Given $X_1, \dots, X_n$ simple random sample with distribution $F_X$ -unknown-, i have to estimate $\mu = \mathrm{E}(X)$.
Now, given the famility of estimators $\tilde{T} = \bigg\{\displaystyle\sum_{i=1}^n \alpha_iX_i : \ \displaystyle\sum_{i=1}^n \alpha_i = 1\bigg\}$.
I have to (1) Prove that if $\hat{\mu} \in \tilde{T},$ then $\hat{\mu}$ it's unbiased; and (2) Show that for every estimator $\beta \in \tilde{T}$, $\mathrm{Var}(\bar{X_n})<\mathrm{Var}\{\beta\}$.
Here's my attempt:
(1) $\hat{\mu} \in \tilde{T} \implies \hat{\mu} = \displaystyle\sum_{i=1}^n \alpha_iX_i \implies \mathrm{E}(\hat{\mu}) = \mathrm{E}\bigg(\displaystyle\sum_{i=1}^n \alpha_iX_i\bigg) = \displaystyle\sum_{i=1}^n \alpha_i\mathrm{E}(X_i)$.
Now, since $X_1,\dots, X_n$ it's a sample mean, then all of them have the same distribution, let's say $X$. Follows $\mathrm{E}(\hat{\mu}) = \displaystyle\sum_{i=1}^n \alpha_i\mathrm{E}(X_i) = \displaystyle\sum_{i=1}^n \alpha_i\mathrm{E}(X) = \mathrm{E}(X)\displaystyle\sum_{i=1}^n \alpha_i = \mathrm{E}(X)$ and then follows $ \hat{\mu}$ unbiased ?

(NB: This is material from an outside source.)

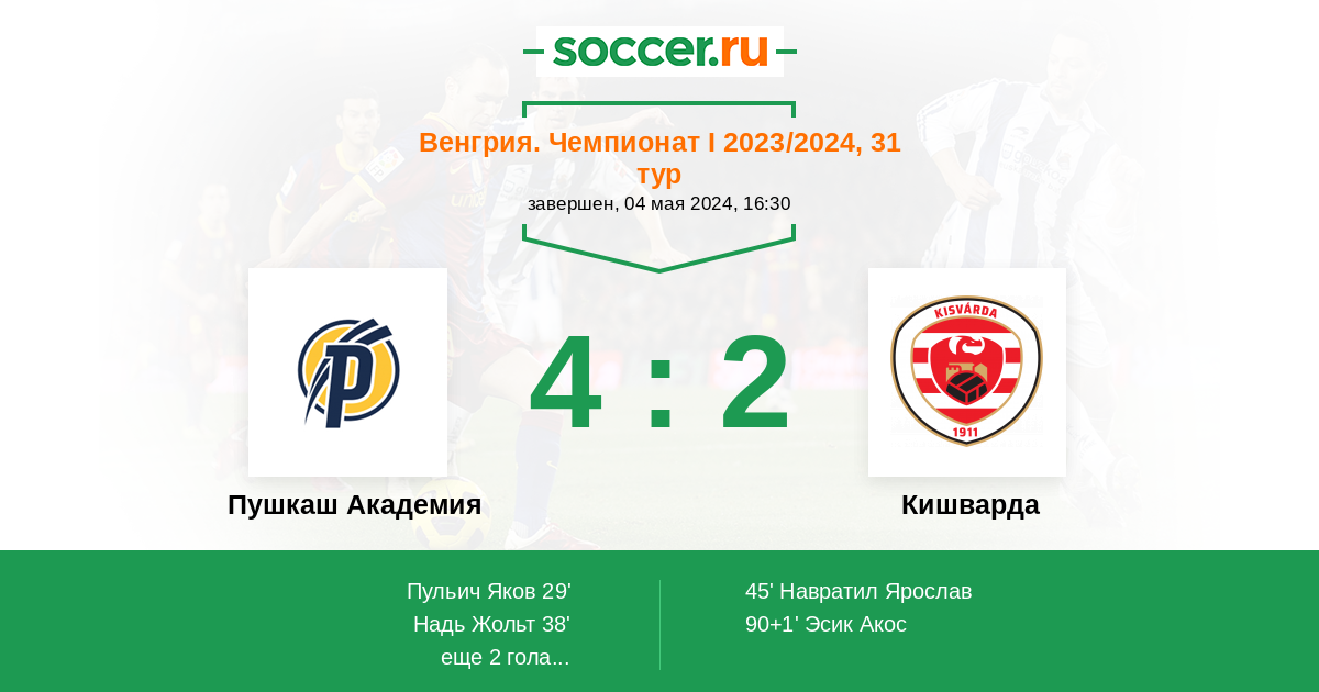 Венгрия. Чемпионат 1 06.04.2019 Пушкаш Академия Логотип футбольный клуб Пушкаш Академия (Фелксут) 0:4 Логотип футбольный клуб Кишварда Кишварда
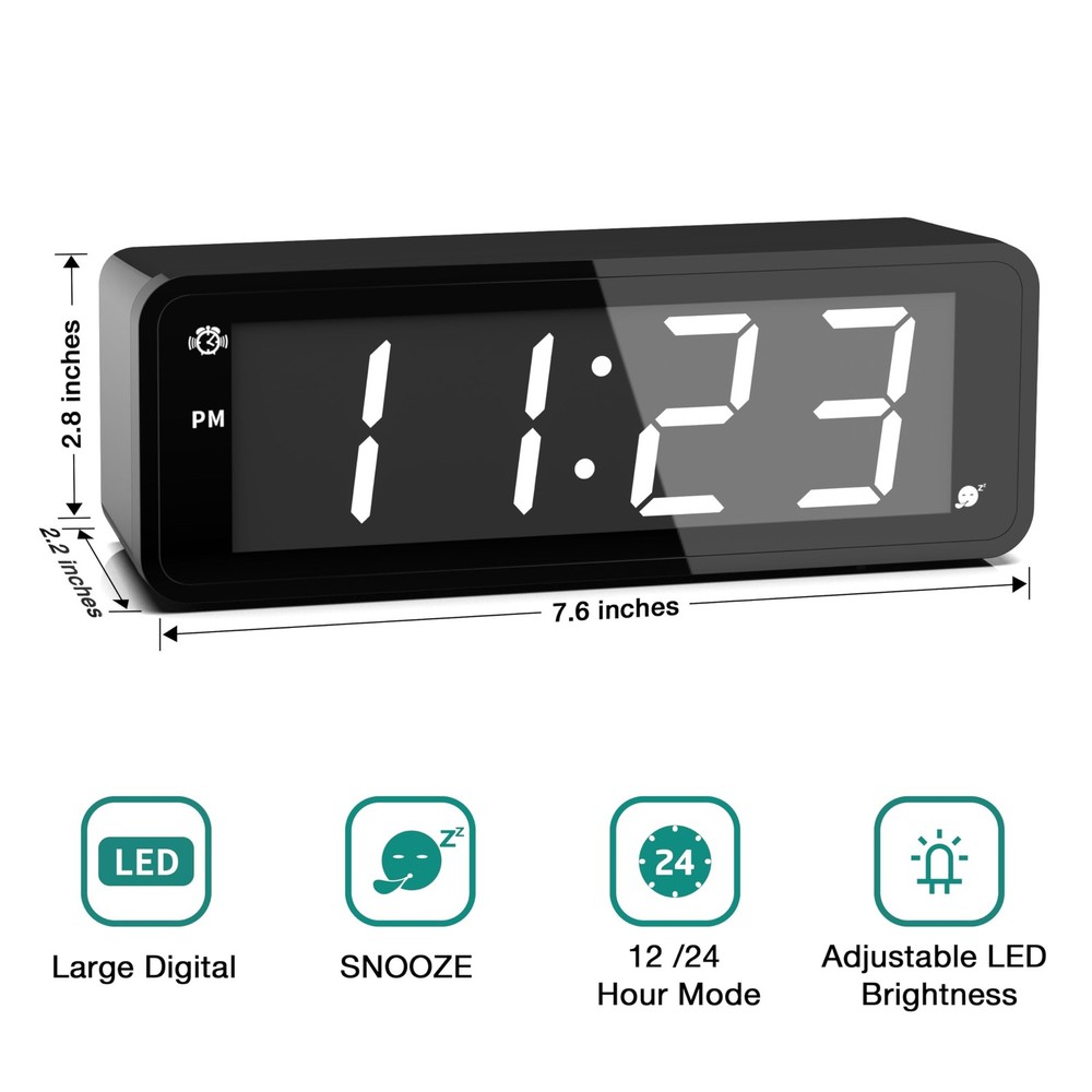 Large LED Time Display - 1.8" tall red number 24hour light LED time display, make the time can be read clearly visible day and night, even in dark. 1.8'' tall LED number and they are showing hour and minute. Even the elderly and the dementia patients can recognize the time easily. LED Digital Clock - There are 3 levels of brightness for your option, high/ middle/ low. The led alarm clock will enter into Night mode and dim automatically at 8:00pm~6:00am to protect your eyes at night and save energy. No blinding lights or any annoying sounds disturb your sleep, create an peaceful environment for sleep. Battery Operated Alarm Clock - This alarm days clock is Battery Operated Only, 2 pcs D size alkaline batteries ( not included ) can Keep this clock work for more than 1 year. The additional alarm clock features can wake you up in the morning or help you keep track of dates to avoid missing any important meetings or appointments. Alarm Clock & Snooze Function - Separate alarm button for hour and minute set, turn on the alarm, easy to set and use. 60s ascending alarm volume. Simply press the SNOOZE button on the top of the clock to get extra 7 minutes sleep. You can repeat this step and delay the alarming for 3 times at most. Best Gift Idea - Best gift idea for elderly, seniors, impaired vision, dementia, alzheimer's, memory loss, your kids, boys, girls, friends, family, parents and lovers.

(2) I know that $\mathrm{V}(\bar{X}) = \displaystyle\frac{\sigma^2}{n}$, if $\mathrm{V}(\beta) < \displaystyle\frac{\sigma^2}{n}$ and since $\beta \in \tilde{T}$ we have $\beta = \displaystyle\sum_{i=1}^n \beta_iX_i$ for $\beta_i$ scalars, then $\mathrm{V}(\beta) =\mathrm{V}\bigg(\displaystyle\sum_{i=1}^n \beta_iX_i\bigg) = \displaystyle\sum_{i=1}^n \beta_i^2\mathrm{V}(X_i) > \displaystyle\sum_{i=1}^n \mathrm{V}(X_i) = n\sigma ^2$ and should be $n\sigma ^2 < \displaystyle\frac{\sigma^2}{n}$.
And follows that the assumption was wrong.